> **EXERCISE**
Any picture in the data below gets skipped; print all the rest exactly.
--- GIVEN MATERIAL ---
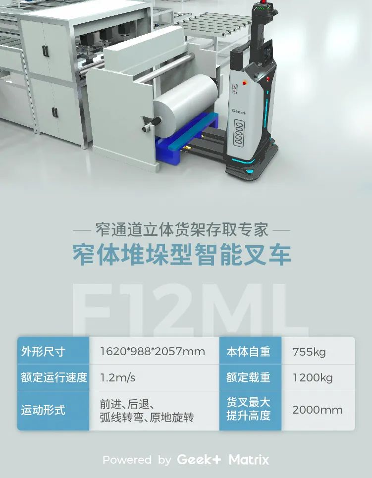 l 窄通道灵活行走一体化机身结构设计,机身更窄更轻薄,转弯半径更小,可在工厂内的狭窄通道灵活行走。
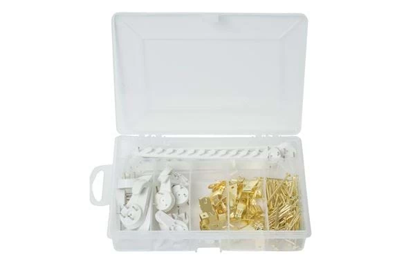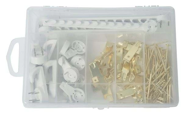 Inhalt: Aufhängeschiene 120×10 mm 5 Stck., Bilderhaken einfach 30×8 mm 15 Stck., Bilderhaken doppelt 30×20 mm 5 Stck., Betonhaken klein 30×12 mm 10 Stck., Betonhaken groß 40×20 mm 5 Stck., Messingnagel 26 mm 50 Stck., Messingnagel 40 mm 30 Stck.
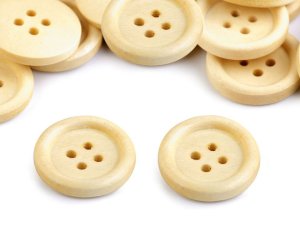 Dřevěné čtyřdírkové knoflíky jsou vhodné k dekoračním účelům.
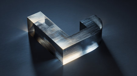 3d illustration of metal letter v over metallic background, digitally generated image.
---
> **TASK ANSWER**
 l 窄通道灵活行走一体化机身结构设计,机身更窄更轻薄,转弯半径更小,可在工厂内的狭窄通道灵活行走。
 Inhalt: Aufhängeschiene 120×10 mm 5 Stck., Bilderhaken einfach 30×8 mm 15 Stck., Bilderhaken doppelt 30×20 mm 5 Stck., Betonhaken klein 30×12 mm 10 Stck., Betonhaken groß 40×20 mm 5 Stck., Messingnagel 26 mm 50 Stck., Messingnagel 40 mm 30 Stck.
 Dřevěné čtyřdírkové knoflíky jsou vhodné k dekoračním účelům.
 3d illustration of metal letter v over metallic background, digitally generated image.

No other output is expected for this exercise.